**WORK REQUEST**
Skip pictures in the listing below; copy exactly the lines from the one with "Für Ethereum bleibt" through the one with "今年,把巡回宣传做到极致的是", inclusive.

**MATERIAL PROVIDED**
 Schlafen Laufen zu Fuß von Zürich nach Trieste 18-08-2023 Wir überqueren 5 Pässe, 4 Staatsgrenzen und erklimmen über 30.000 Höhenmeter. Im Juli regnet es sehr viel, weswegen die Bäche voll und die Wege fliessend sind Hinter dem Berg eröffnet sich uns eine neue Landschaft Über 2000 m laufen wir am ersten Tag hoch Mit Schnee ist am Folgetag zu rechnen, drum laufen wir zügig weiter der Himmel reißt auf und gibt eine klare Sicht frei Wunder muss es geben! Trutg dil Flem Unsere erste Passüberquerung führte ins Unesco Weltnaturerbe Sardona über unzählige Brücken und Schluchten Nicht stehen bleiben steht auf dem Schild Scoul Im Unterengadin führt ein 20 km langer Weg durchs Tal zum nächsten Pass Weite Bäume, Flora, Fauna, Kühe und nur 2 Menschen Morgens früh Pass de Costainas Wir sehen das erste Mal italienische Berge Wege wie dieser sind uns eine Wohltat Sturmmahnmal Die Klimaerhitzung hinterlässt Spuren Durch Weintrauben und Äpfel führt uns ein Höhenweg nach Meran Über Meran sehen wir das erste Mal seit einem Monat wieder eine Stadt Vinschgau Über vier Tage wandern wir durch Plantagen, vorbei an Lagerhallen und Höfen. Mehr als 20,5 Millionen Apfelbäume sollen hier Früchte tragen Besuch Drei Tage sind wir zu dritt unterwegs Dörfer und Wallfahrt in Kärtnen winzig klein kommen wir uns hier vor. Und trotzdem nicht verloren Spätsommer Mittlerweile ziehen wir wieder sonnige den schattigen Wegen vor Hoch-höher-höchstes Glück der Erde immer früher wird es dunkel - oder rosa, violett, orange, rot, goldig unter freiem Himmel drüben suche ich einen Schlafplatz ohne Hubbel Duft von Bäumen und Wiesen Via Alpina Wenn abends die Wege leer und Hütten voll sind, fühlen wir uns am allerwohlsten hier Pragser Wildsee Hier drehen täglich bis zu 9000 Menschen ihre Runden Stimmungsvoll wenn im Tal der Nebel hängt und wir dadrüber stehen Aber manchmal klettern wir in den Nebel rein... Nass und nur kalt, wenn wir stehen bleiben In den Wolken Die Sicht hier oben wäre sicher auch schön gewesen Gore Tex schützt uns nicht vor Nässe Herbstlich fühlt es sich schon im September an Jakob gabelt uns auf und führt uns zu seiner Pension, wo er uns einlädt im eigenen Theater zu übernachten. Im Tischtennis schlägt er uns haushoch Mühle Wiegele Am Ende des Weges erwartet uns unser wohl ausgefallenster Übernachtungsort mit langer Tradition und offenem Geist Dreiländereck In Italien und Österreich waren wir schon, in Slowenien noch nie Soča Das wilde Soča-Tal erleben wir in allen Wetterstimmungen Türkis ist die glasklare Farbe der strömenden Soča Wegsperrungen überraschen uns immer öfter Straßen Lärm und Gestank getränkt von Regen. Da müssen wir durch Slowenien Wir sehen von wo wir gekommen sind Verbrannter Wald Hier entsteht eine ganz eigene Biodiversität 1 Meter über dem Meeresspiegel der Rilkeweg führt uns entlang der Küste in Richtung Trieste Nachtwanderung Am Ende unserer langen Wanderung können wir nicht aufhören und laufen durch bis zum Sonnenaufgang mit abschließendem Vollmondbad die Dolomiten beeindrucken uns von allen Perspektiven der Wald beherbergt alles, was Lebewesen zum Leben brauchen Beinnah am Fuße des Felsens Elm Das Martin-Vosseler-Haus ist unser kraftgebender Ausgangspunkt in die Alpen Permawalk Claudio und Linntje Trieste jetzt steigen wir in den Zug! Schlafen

* * *

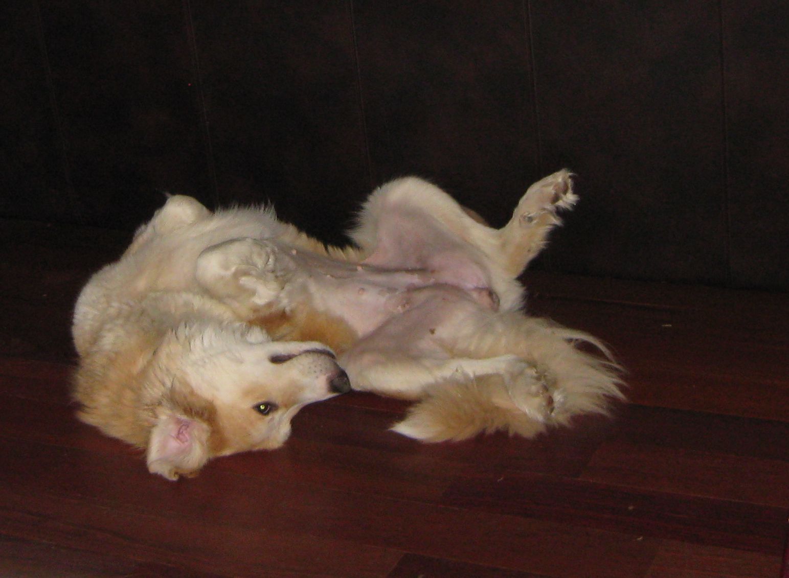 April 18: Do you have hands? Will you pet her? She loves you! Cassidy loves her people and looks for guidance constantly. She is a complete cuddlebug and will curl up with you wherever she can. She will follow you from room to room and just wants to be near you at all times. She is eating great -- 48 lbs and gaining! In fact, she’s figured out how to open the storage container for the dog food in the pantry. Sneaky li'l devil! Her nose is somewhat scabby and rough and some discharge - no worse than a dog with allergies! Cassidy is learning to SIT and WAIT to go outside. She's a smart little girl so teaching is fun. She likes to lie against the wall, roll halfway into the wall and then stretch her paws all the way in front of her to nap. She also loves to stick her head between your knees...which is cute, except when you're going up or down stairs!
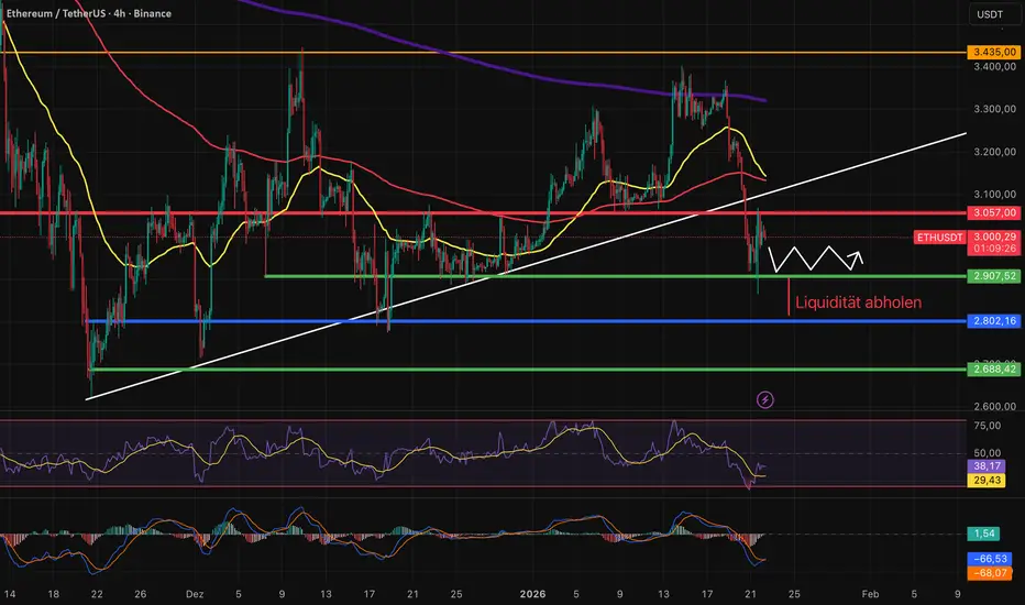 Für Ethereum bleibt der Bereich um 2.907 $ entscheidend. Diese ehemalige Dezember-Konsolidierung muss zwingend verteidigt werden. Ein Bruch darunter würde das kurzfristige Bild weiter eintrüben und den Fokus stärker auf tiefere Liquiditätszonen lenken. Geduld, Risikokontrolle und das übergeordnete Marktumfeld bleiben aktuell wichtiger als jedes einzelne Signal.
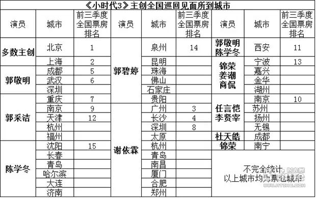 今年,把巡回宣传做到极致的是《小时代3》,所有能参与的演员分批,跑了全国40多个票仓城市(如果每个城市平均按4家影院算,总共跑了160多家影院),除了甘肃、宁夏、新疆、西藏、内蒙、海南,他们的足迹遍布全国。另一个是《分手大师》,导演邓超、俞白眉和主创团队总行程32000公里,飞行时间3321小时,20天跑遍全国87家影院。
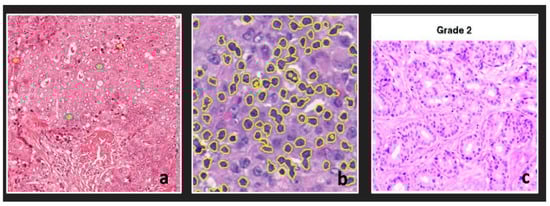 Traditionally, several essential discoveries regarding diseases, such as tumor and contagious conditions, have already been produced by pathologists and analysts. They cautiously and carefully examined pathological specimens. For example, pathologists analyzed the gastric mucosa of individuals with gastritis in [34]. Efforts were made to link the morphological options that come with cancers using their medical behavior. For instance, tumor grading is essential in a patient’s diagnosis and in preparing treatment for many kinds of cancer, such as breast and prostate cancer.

**FINAL ANSWER**
 Für Ethereum bleibt der Bereich um 2.907 $ entscheidend. Diese ehemalige Dezember-Konsolidierung muss zwingend verteidigt werden. Ein Bruch darunter würde das kurzfristige Bild weiter eintrüben und den Fokus stärker auf tiefere Liquiditätszonen lenken. Geduld, Risikokontrolle und das übergeordnete Marktumfeld bleiben aktuell wichtiger als jedes einzelne Signal.
 今年,把巡回宣传做到极致的是《小时代3》,所有能参与的演员分批,跑了全国40多个票仓城市(如果每个城市平均按4家影院算,总共跑了160多家影院),除了甘肃、宁夏、新疆、西藏、内蒙、海南,他们的足迹遍布全国。另一个是《分手大师》,导演邓超、俞白眉和主创团队总行程32000公里,飞行时间3321小时,20天跑遍全国87家影院。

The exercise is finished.